■ **Work order**
Lines from the one with "Memotoo lets you" up to and including the one with "- - Torque wrench" are to be copied exactly from the records below, without their pictures.

Dataset records Start Marker

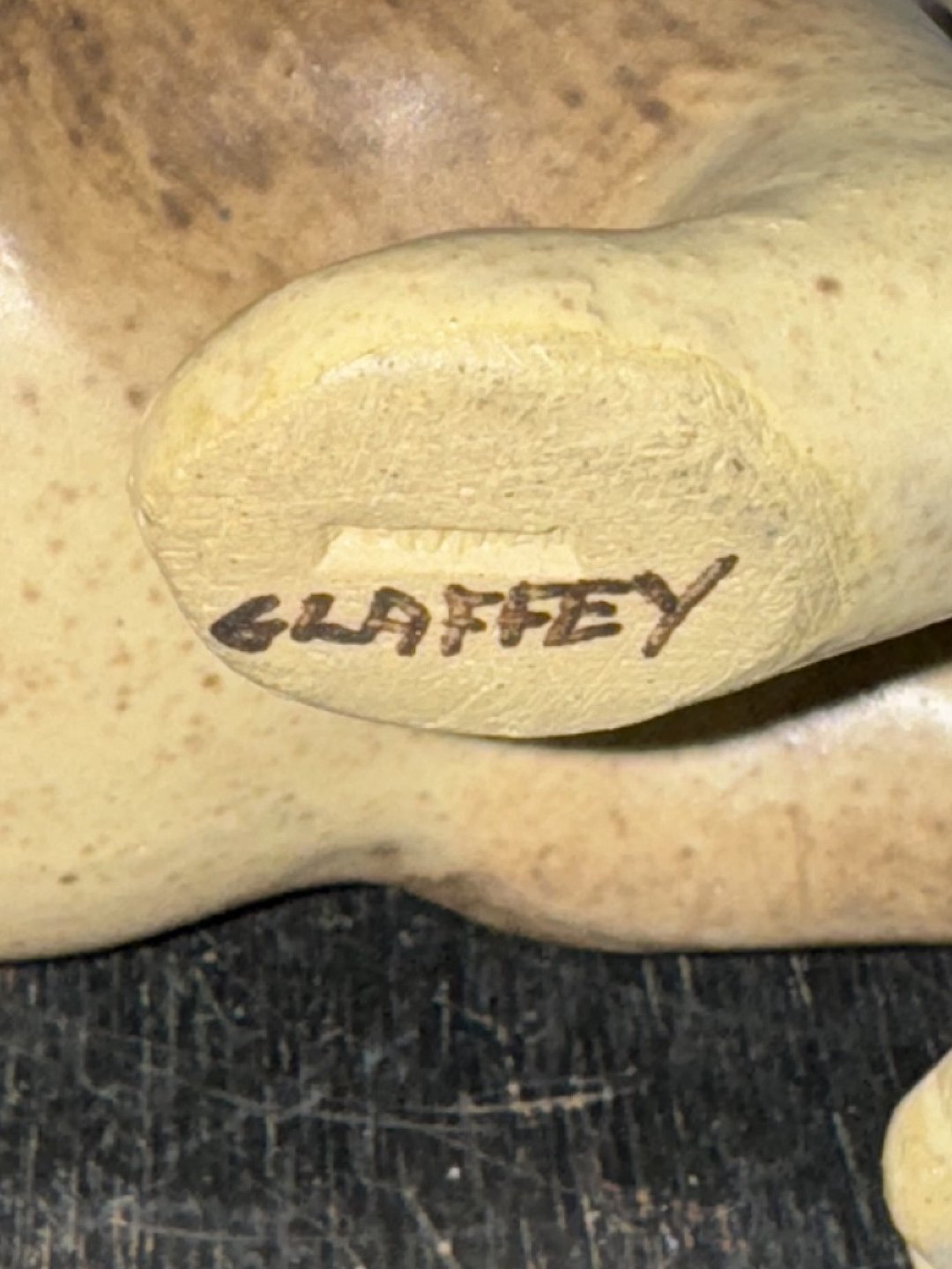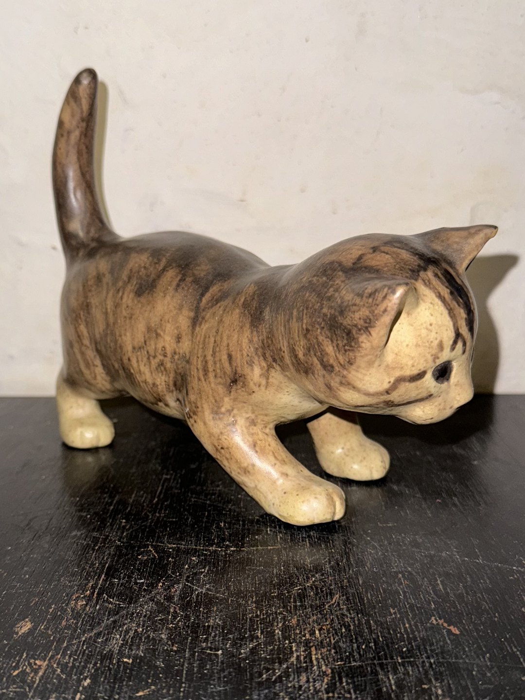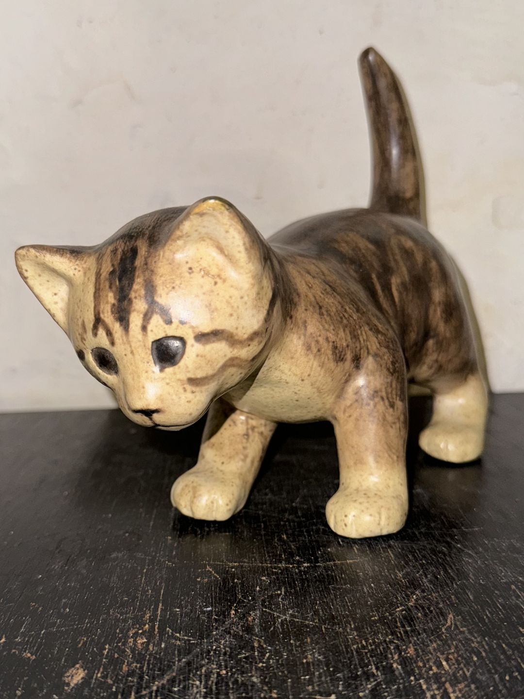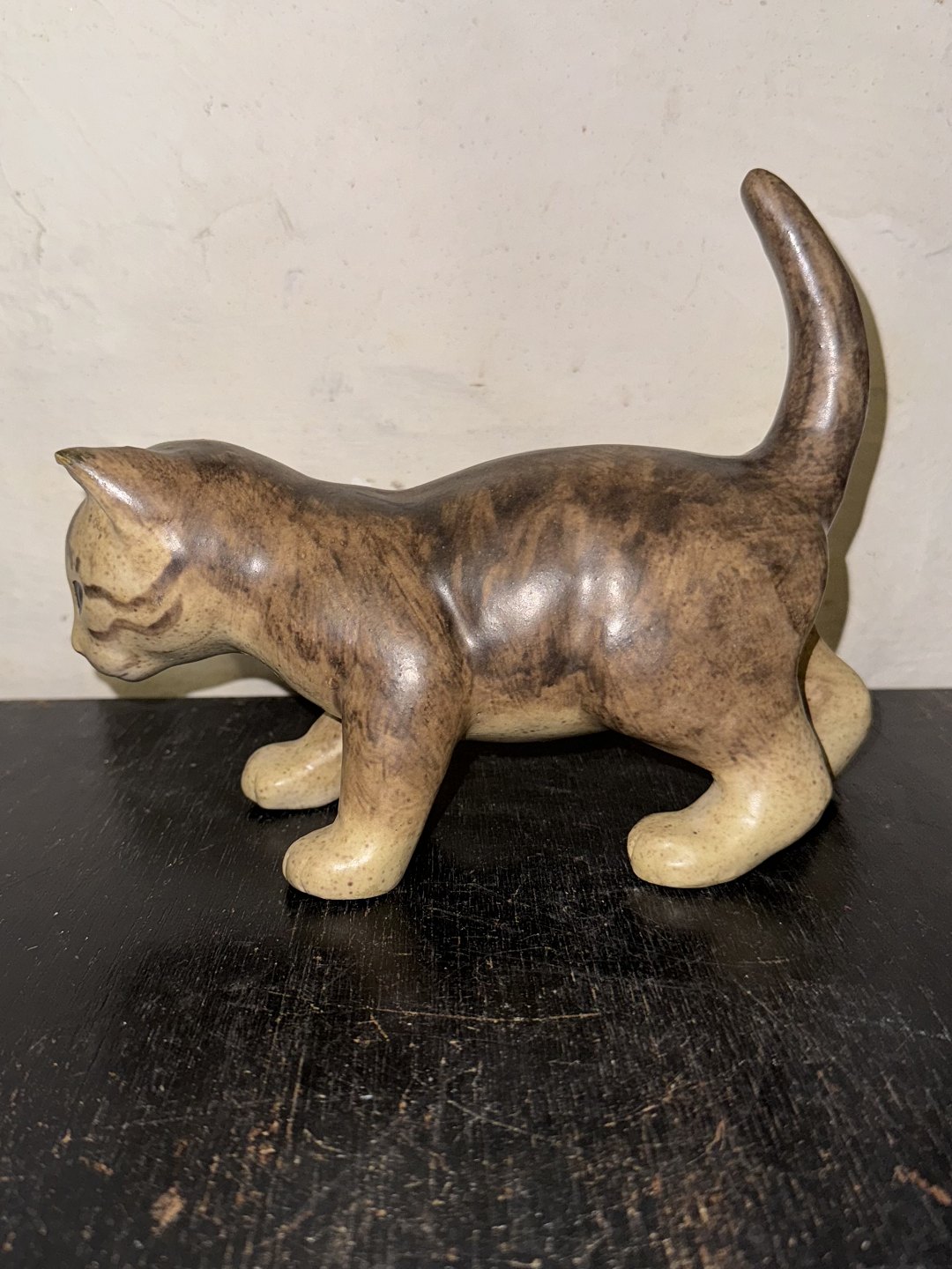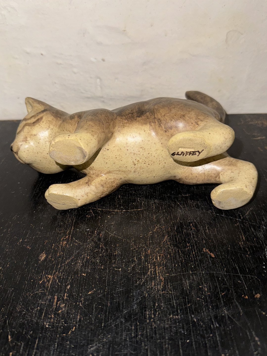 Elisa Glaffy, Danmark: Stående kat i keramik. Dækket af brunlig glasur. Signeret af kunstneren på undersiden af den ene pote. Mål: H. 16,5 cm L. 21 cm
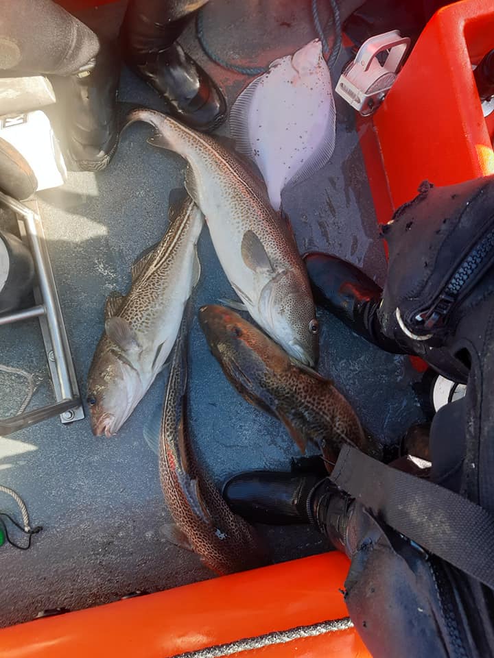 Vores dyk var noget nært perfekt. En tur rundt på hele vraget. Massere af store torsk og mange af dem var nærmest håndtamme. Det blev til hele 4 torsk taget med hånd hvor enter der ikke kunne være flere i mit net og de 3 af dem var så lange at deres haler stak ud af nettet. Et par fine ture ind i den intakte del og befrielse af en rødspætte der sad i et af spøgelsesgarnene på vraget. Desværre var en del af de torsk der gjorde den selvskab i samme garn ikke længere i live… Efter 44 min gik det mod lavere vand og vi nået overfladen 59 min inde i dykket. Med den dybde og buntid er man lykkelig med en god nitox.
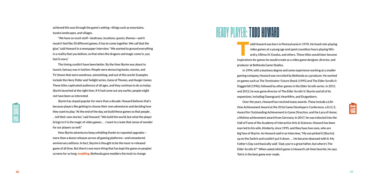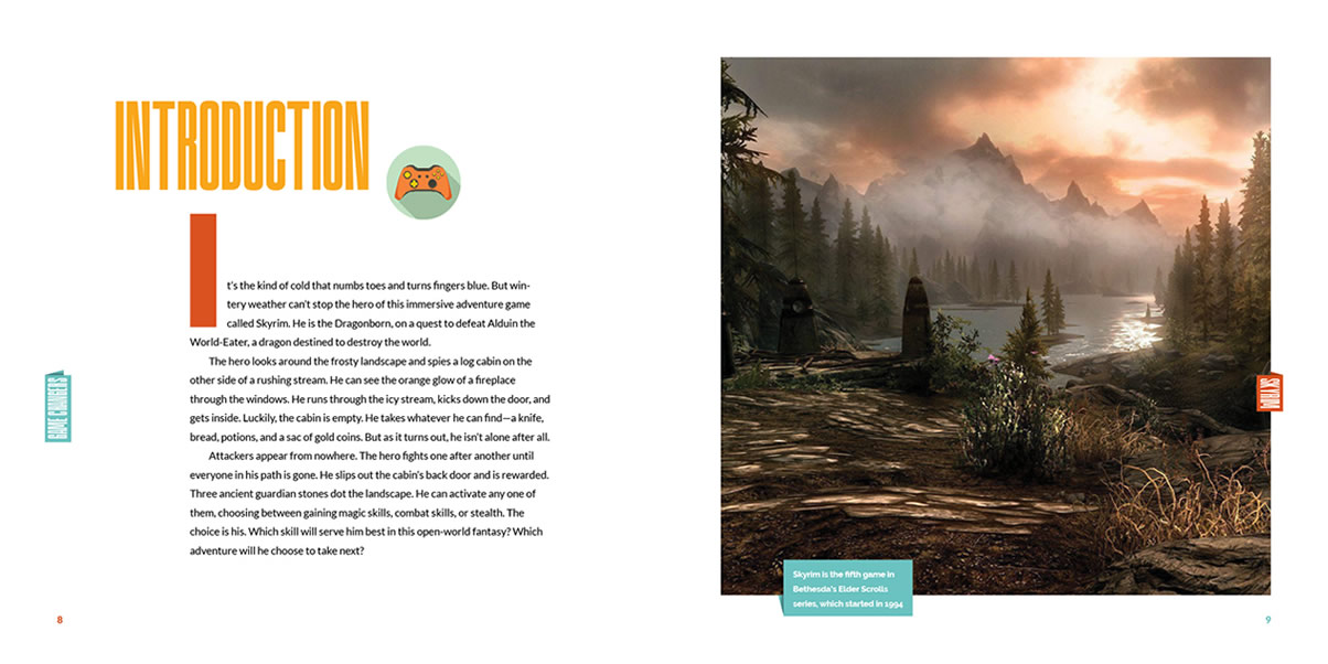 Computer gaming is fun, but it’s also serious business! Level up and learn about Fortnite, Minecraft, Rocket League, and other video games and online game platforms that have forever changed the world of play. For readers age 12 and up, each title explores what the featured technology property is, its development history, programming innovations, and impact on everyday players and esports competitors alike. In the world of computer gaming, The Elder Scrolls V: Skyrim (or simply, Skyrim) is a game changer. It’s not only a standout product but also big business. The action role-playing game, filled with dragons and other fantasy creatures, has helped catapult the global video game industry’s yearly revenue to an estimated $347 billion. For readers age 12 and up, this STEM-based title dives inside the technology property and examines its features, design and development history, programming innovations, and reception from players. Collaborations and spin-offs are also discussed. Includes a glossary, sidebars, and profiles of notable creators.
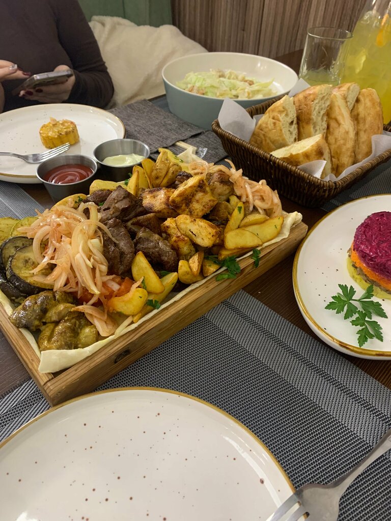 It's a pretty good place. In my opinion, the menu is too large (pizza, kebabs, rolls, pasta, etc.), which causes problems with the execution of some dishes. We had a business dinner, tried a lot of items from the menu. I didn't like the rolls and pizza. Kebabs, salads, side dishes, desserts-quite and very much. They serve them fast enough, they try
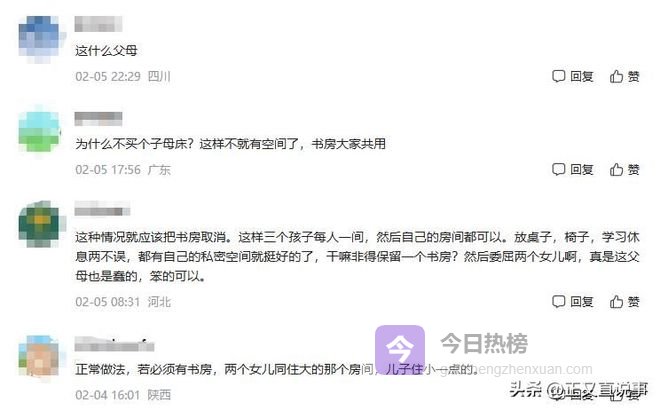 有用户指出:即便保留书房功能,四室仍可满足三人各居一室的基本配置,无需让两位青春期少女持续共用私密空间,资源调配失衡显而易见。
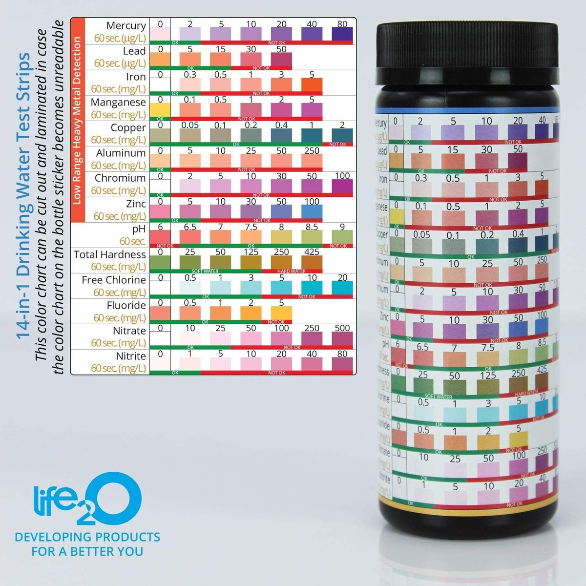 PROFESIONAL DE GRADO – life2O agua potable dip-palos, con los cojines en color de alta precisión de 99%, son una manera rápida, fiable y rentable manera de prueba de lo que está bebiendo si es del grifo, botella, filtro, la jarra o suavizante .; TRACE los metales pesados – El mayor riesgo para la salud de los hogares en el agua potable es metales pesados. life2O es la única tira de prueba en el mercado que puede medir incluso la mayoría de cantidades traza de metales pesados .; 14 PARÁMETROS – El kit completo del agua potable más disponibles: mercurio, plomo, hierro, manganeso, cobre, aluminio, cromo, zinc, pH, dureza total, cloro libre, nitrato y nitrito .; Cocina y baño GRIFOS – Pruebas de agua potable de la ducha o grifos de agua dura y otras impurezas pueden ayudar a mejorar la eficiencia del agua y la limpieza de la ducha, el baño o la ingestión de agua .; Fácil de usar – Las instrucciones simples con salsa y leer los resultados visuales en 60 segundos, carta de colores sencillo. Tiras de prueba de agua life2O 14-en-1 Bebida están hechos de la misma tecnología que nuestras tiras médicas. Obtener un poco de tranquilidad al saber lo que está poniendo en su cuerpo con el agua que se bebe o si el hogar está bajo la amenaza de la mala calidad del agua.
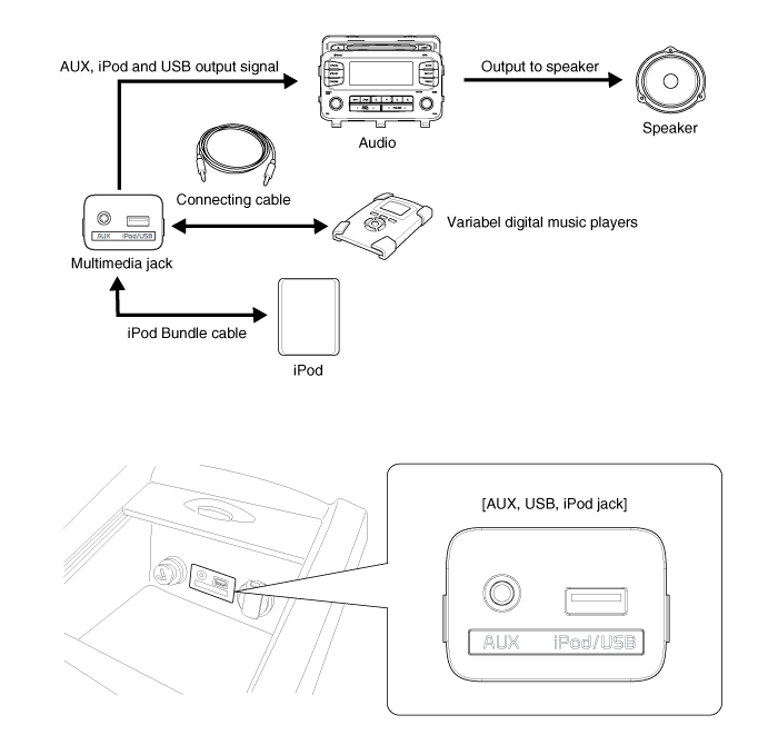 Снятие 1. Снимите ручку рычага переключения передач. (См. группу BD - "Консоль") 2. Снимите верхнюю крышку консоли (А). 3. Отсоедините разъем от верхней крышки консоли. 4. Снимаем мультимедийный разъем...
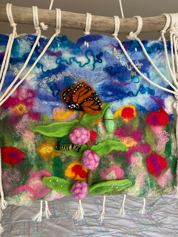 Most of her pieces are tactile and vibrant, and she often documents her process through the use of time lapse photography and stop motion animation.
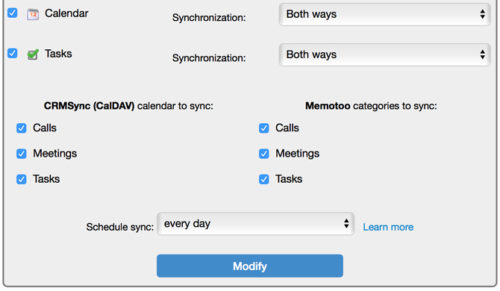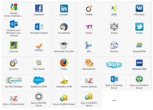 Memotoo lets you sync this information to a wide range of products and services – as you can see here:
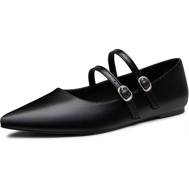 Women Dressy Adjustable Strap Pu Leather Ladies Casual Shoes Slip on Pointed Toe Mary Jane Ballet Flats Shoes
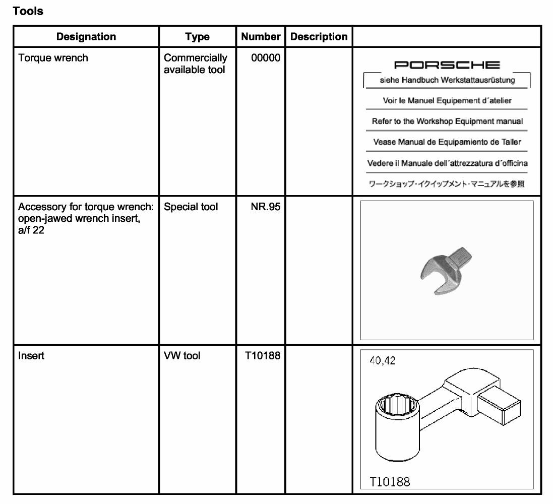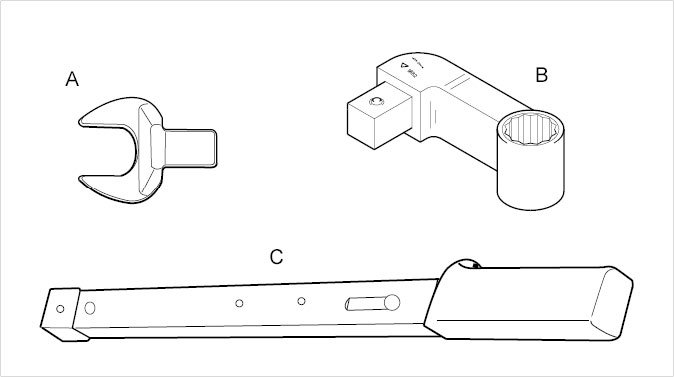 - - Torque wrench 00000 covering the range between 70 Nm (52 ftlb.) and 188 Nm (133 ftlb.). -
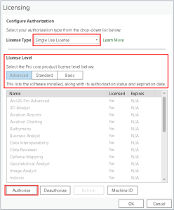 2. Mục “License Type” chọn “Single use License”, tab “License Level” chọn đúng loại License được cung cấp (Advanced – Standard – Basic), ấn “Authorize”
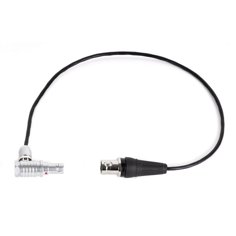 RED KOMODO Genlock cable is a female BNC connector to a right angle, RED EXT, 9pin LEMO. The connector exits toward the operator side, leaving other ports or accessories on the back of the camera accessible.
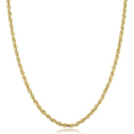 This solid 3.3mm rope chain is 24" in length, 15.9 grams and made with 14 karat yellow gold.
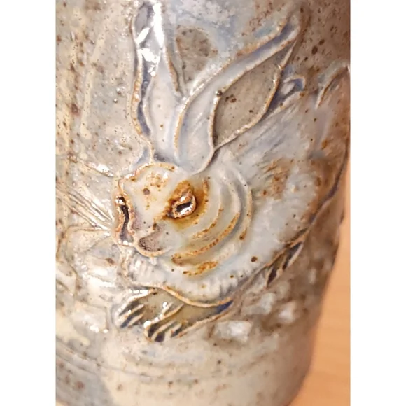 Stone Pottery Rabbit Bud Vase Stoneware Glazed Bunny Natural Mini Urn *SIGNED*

Dataset records End Marker

■ **Response below**
 Memotoo lets you sync this information to a wide range of products and services – as you can see here:
 Women Dressy Adjustable Strap Pu Leather Ladies Casual Shoes Slip on Pointed Toe Mary Jane Ballet Flats Shoes
 - - Torque wrench 00000 covering the range between 70 Nm (52 ftlb.) and 188 Nm (133 ftlb.). -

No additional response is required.